▶

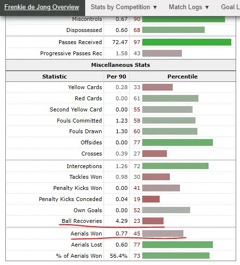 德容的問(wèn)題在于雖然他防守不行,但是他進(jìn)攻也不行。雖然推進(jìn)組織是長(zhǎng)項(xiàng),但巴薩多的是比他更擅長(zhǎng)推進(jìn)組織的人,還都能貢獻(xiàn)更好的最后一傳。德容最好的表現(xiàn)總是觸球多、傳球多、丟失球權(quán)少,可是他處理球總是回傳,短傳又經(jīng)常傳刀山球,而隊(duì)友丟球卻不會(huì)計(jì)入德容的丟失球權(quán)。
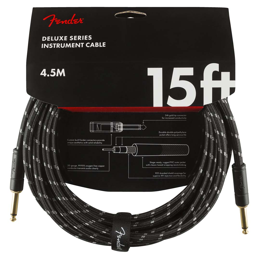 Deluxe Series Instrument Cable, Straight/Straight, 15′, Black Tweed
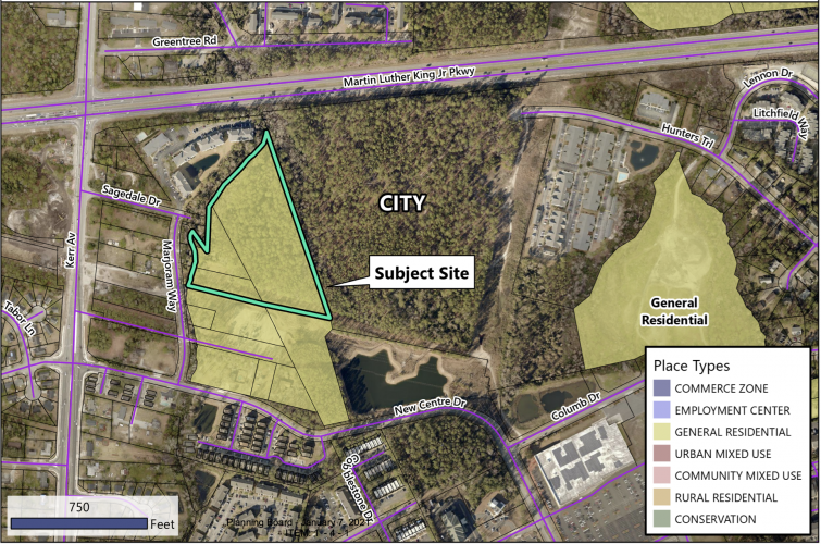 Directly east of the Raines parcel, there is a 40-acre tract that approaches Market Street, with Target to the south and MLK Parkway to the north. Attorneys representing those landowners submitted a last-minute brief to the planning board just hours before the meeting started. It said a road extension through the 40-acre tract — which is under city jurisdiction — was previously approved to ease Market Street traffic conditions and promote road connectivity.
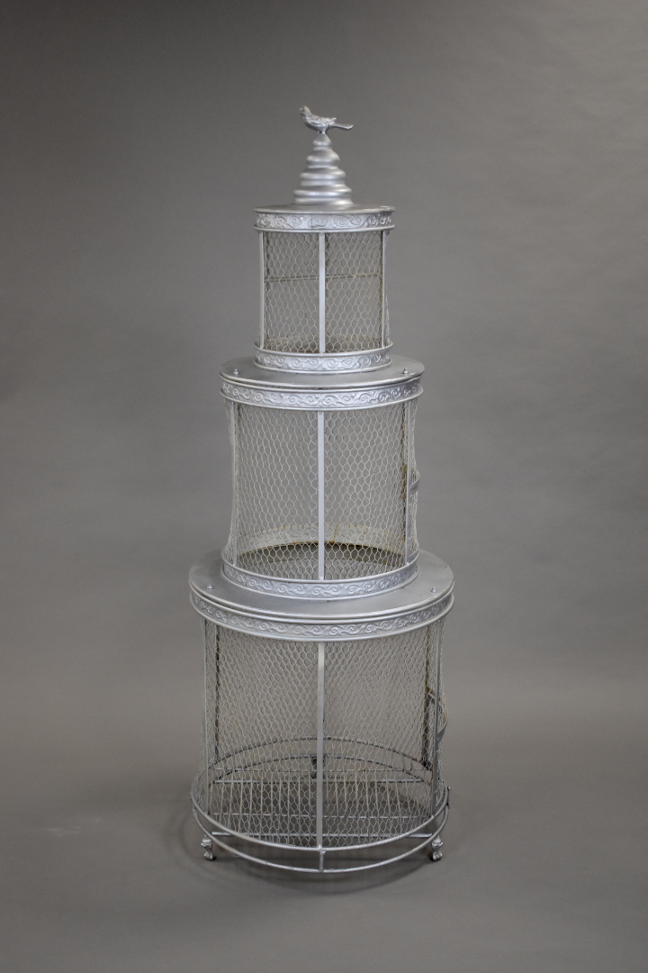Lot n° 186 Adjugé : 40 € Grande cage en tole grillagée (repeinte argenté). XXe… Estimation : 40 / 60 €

◀

◆ Work instruction
Print the listing exactly, minus its pictures.

◆ Solved problem
 德容的問(wèn)題在于雖然他防守不行,但是他進(jìn)攻也不行。雖然推進(jìn)組織是長(zhǎng)項(xiàng),但巴薩多的是比他更擅長(zhǎng)推進(jìn)組織的人,還都能貢獻(xiàn)更好的最后一傳。德容最好的表現(xiàn)總是觸球多、傳球多、丟失球權(quán)少,可是他處理球總是回傳,短傳又經(jīng)常傳刀山球,而隊(duì)友丟球卻不會(huì)計(jì)入德容的丟失球權(quán)。
 Deluxe Series Instrument Cable, Straight/Straight, 15′, Black Tweed
 Directly east of the Raines parcel, there is a 40-acre tract that approaches Market Street, with Target to the south and MLK Parkway to the north. Attorneys representing those landowners submitted a last-minute brief to the planning board just hours before the meeting started. It said a road extension through the 40-acre tract — which is under city jurisdiction — was previously approved to ease Market Street traffic conditions and promote road connectivity.
Lot n° 186 Adjugé : 40 € Grande cage en tole grillagée (repeinte argenté). XXe… Estimation : 40 / 60 €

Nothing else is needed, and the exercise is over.